Figure S1. Temperature profiles in the west (grey) and east (black) Skaftárkatlar lakes with depths reported relative to the ice-lake interface. The east lake is shallower than the west lake at the borehole locations. Dotted and solid lines are for profiles beneath boreholes A and B, respectively, in the east lake. The dashed line is the maximum density temperature of pure water. Circles mark sampling depths, with temperatures chosen to illustrate from which borehole the samples were obtained.

Figure S2. Concentrations of major dissolved solids in the west (1 sample) and east (7 samples) Skaftárkatlar lakes.

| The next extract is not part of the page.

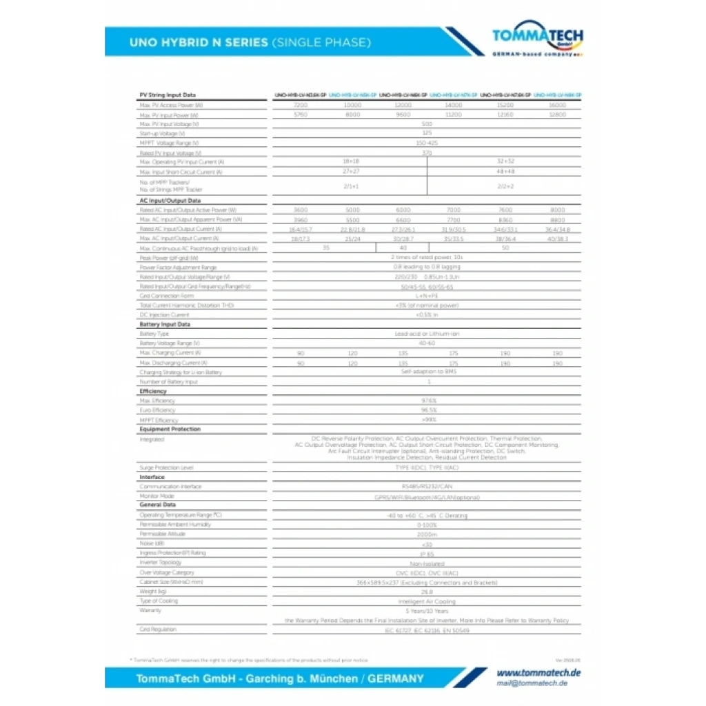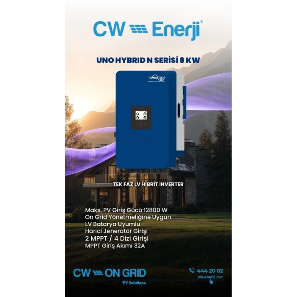 TommaTech Uno N Serisi 8 kW LV Hibrit İnverter – Güçlü, Esnek ve Güvenilir Hibrit Çözüm

Two major constituents, CO2 (averaging 1300 and 105 ppm in west and mean east lakes, respectively) and H2S (averaging 37 and 16 ppm) are not shown because they may vary due to degassing during sample retrieval. The dendogram was constructed by single linkage of euclidian distances between samples.

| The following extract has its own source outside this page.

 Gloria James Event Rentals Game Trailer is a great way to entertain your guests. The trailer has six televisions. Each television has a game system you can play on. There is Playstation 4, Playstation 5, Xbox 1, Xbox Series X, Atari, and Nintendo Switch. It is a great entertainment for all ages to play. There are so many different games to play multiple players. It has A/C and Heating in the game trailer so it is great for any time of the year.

Figure S3 Unrooted ARB tree of isolates from east Skaftárketill lake, the Kverkfjallalón subaerial lake, and a sample of a jökulhlaup in the Skaftá river. For the Skaftárketill isolates, the sample name and enrichment conditions are suffixed.

Figure S4. Rank abundance of OTUs (3% clustering criterion) in v4-v6 and v3-v5 pyrosequencing libraries from east lake samples. The dashed line is an approximation to the v4-v6 trends that is reproduced in the v3-v5 plot to aid comparison.

Figure S5. Rarefaction curves for v3-v5 and v4-v6 pyrosequence libraries generated from samples of the east Skaftárkatlar lake. Note the log-log scale. OTUs are defined by a 3% average difference cutoff.

Figure S6. Fractional abundance of v3-v5 and v4-v6 reads assigned to the same taxonomic groups. Squares are assignments of reads based on common taxonomic affiliations at the genus level. Diamonds are assignments based on a clustering of representative sequences from independently determined v3-v5 and v4-v6 OTUs (cutoff of 11%). The dashed line is equality, and the dot-dashed lines are 2-sigma standard deviations due to Poisson statistics alone.